Pour beaucoup de gens, bien qu’il y ait différentes façons de voir les choses, ce que j’ai constaté, c’est que le système d’utilisateur-payeur était parfois très difficile. Ce que j’ai trouvé vraiment difficile, c’est de voir tous ces gens qui voulaient juste avoir un bon emploi, pour avoir une vie meilleure, mais qui n’avaient pas les moyens de se payer un pardon. Le montant à payer est parfois un véritable obstacle.
En fin de compte, ce qu’on veut savoir, c’est ce que ça va coûter aux contribuables. Le ministre de la Sécurité frontalière a indiqué qu’il pourrait y avoir jusqu’à 400 000 Canadiens qui ont un casier judiciaire pour possession simple de cannabis, mais le gouvernement s’attend à ce qu’entre 70 000 et 80 000 personnes soient admissibles au programme. Selon les responsables de la sécurité publique, le coût serait d’environ 2,5 millions de dollars, ce qui équivaut approximativement à 10 000 demandeurs.
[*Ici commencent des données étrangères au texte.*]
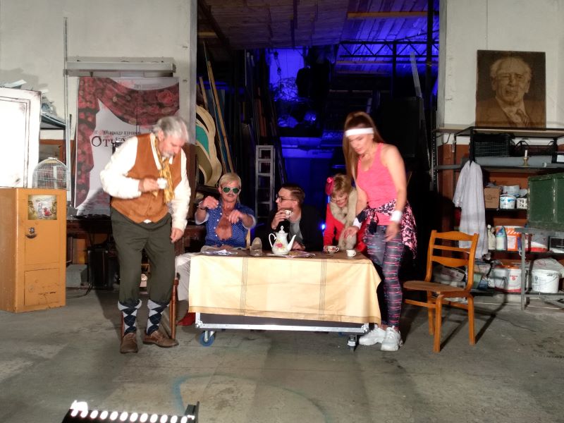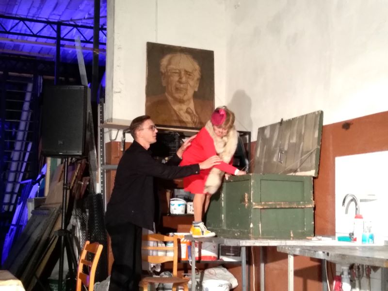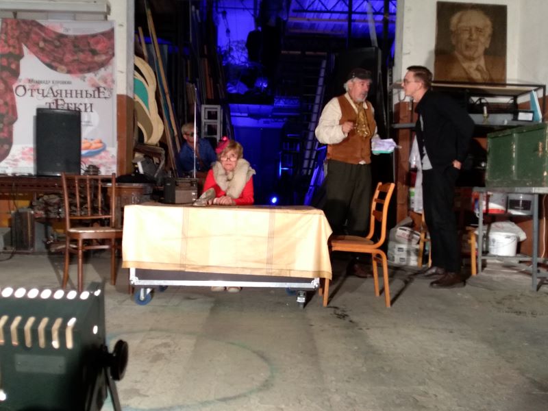 Наиболее красноречиво в своем лабораторном происхождении выглядел отрывок из Мрожека. Его просматривали в помещении производственных мастерских, где артистическое действо вполне органично соседствовало с обстановкой столярно-монтировочного цеха. Натуральная неказистость интерьера отлично перекликалась с заявленной в пьесе безалаберностью действующих лиц.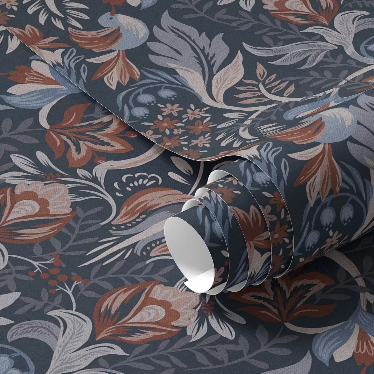 Tapeta Ľudový ornament s vtákmi, tmavomodrá farba Nr. a00502v1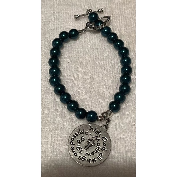 Unbranded Green Beads Toggle Bracelet w/Nuggets w/With God all things are Possible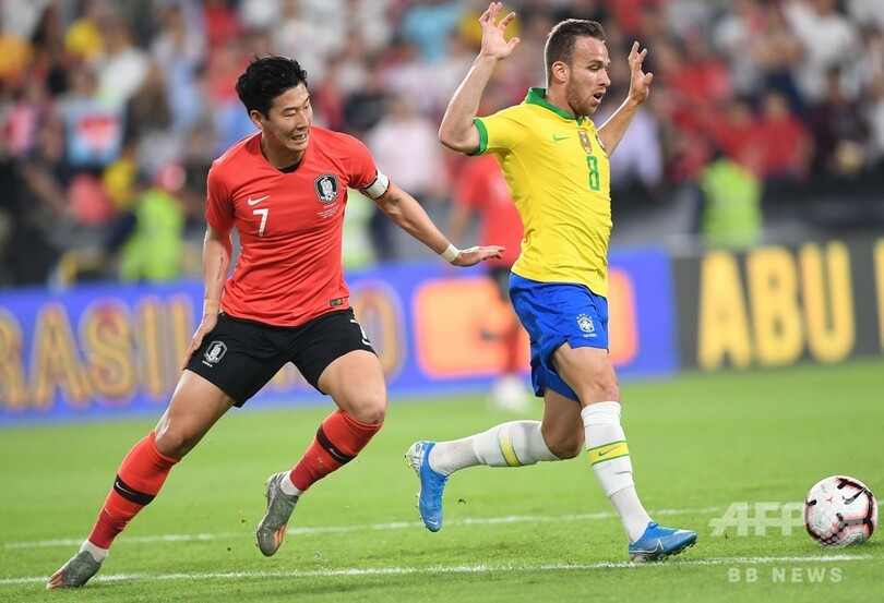 一方、5日前に行われたW杯カタール大会(2022 World Cup)アジア2次予選のレバノン戦を0-0で引き分けていた韓国は、イングランド・プレミアリーグのトッテナム・ホットスパー(Tottenham Hotspur)に所属するFW孫興民(Heung-Min Son、ソン・フンミン)を先発で起用したものの、ブラジルに力負けした。(c)AFP

Il existe différentes façons de s'y prendre. Je crois que lorsqu’une personne enfreint la loi, il faut qu’elle soit punie, mais il arrive parfois que les peines deviennent éternelles lorsque les gens n’ont pas les moyens de demander une suspension de leur casier, qui ne disparaîtra pas de lui-même. Si les gens n’ont pas les moyens de payer pour la suspension, leur casier continuera de les suivre.
C’est pourquoi j’aimerais que le gouvernement envisage la possibilité d’un examen des ressources. Les libéraux parlent tout le temps de l’examen des ressources et du fait qu’ils n’aident pas les millionnaires ou les gens qui n’ont pas besoin d’aide, alors je ne sais pas pourquoi ils n’ont pas envisagé de faire un examen des ressources pour ce projet de loi. Ceux qui n’en ont pas les moyens pourraient payer moins — payer une petite partie ou payer les documents judiciaires, les dossiers ou tout ce dont ils ont besoin. Ce serait sûrement une tâche difficile, mais nous aurons plutôt une situation où des gens sans revenus et d'autres qui gagnent 500 000 $ par année paieront la même chose pour que ce soit un programme dit « universel ».
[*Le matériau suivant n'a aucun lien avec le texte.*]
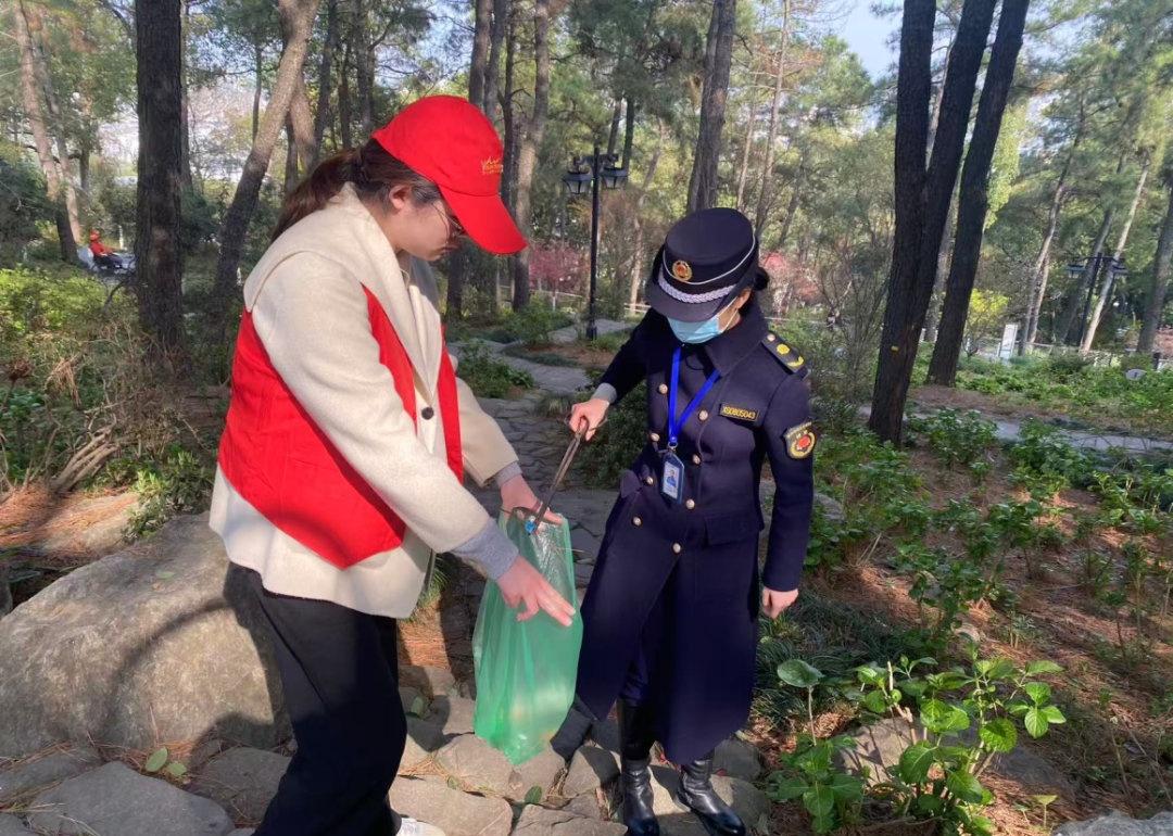 浙就很杭州【春风拂山岗,文明润心间】春日的临平山公园内,新绿缀满枝头,繁花点缀其间,草木葱茏,生机盎然。山色已然动人,但比繁花更美的,是人心的温度。临平区综合行政执法局蓝莺女子队队员们循着春光,在山间开展垃圾分类、文明养犬宣传活动。队员们俯身捡拾垃圾、清理草丛杂物,耐心劝导游客,让文明理念随春风一同传递。*X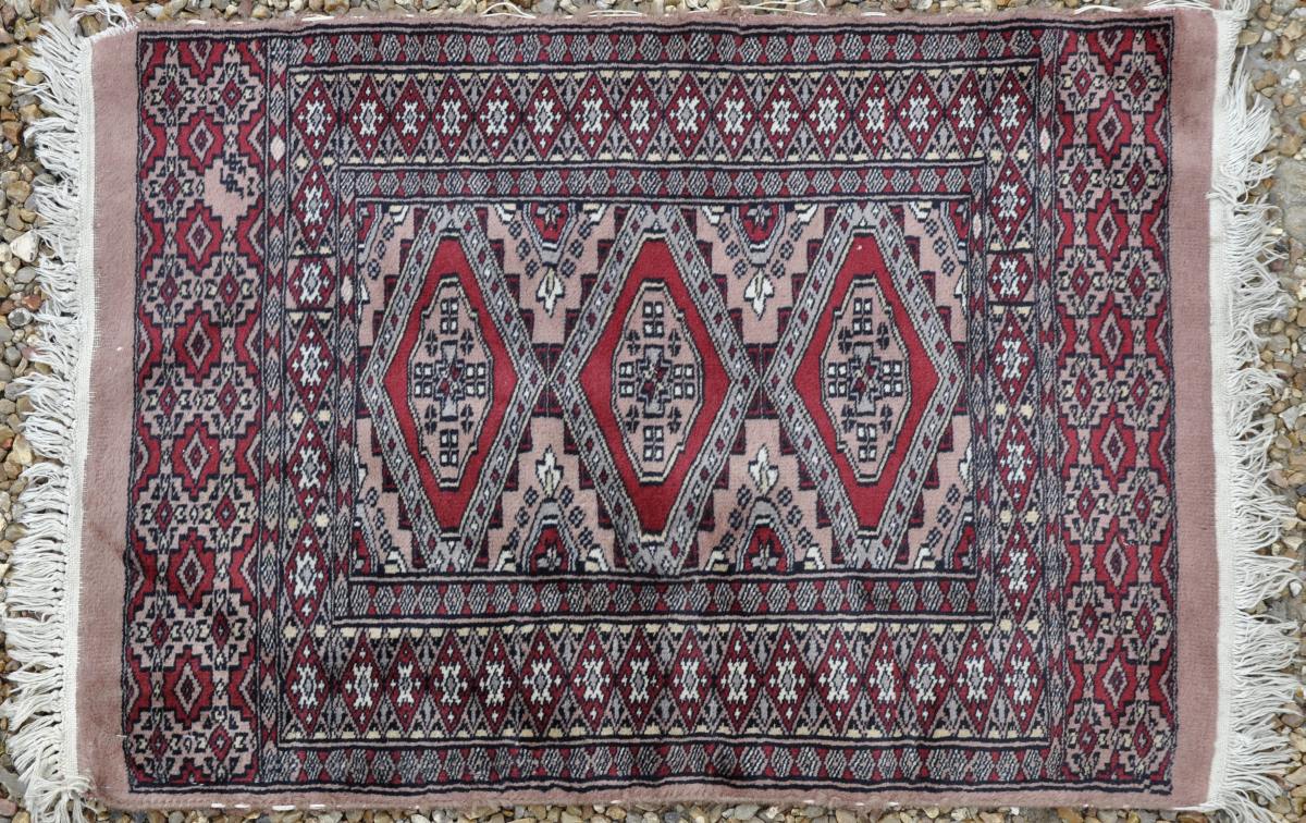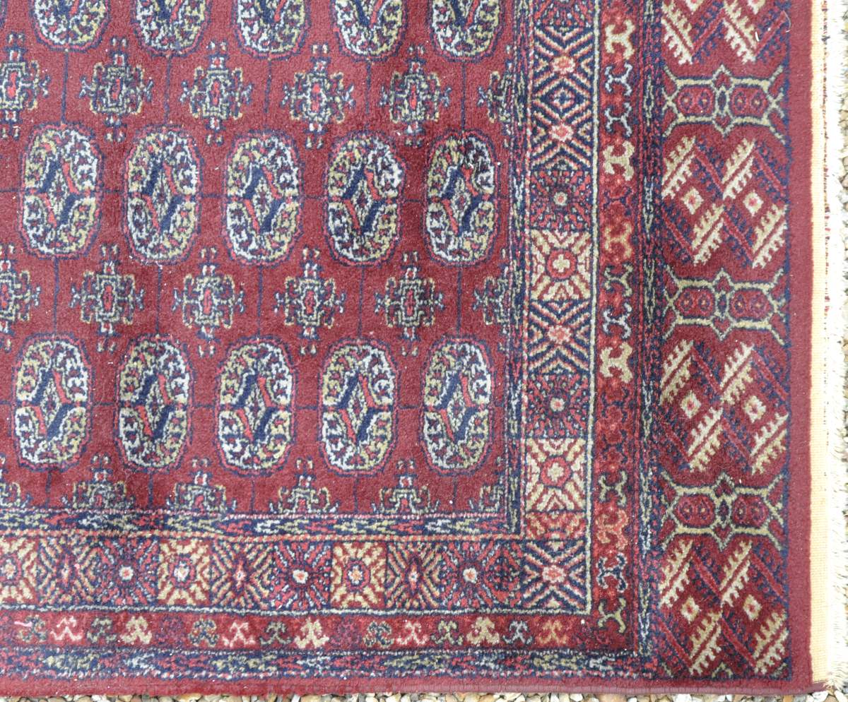 TAPIS Boukhara en laine à motif de gühls sur fond rouge. Bordure principale à motif de médaillons. 203 x 131 cm.

Nous savons que le programme est coûteux, alors si nous voulons mettre en place une mesure de réduction de la pauvreté, assurons-nous d’aider ceux qui vivent dans la pauvreté en réduisant les coûts pour eux afin de leur permettre d’avoir une vie meilleure.
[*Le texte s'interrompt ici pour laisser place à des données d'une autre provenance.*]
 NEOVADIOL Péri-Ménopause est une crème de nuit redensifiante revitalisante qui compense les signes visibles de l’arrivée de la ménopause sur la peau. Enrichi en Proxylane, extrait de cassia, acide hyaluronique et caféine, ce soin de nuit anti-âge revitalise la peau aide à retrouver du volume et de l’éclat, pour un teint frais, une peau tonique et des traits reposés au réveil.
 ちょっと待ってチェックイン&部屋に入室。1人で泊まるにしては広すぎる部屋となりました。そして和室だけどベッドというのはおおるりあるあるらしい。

Il a notamment été question de déterminer si la suppression des casiers judiciaires était nécessaire, l’idée étant que les gens se disent qu’il est facile de trouver un emploi et que ce n'est pas si grave d’avoir un casier judiciaire. J’ai vécu une période de ralentissement économique, et les gens qui avaient perdu leur emploi chez Ford à St. Thomas ou chez Sterling ou ailleurs cherchaient maintenant un nouvel emploi. Le fait d'avoir un casier judiciaire a nui à certains d'entre eux.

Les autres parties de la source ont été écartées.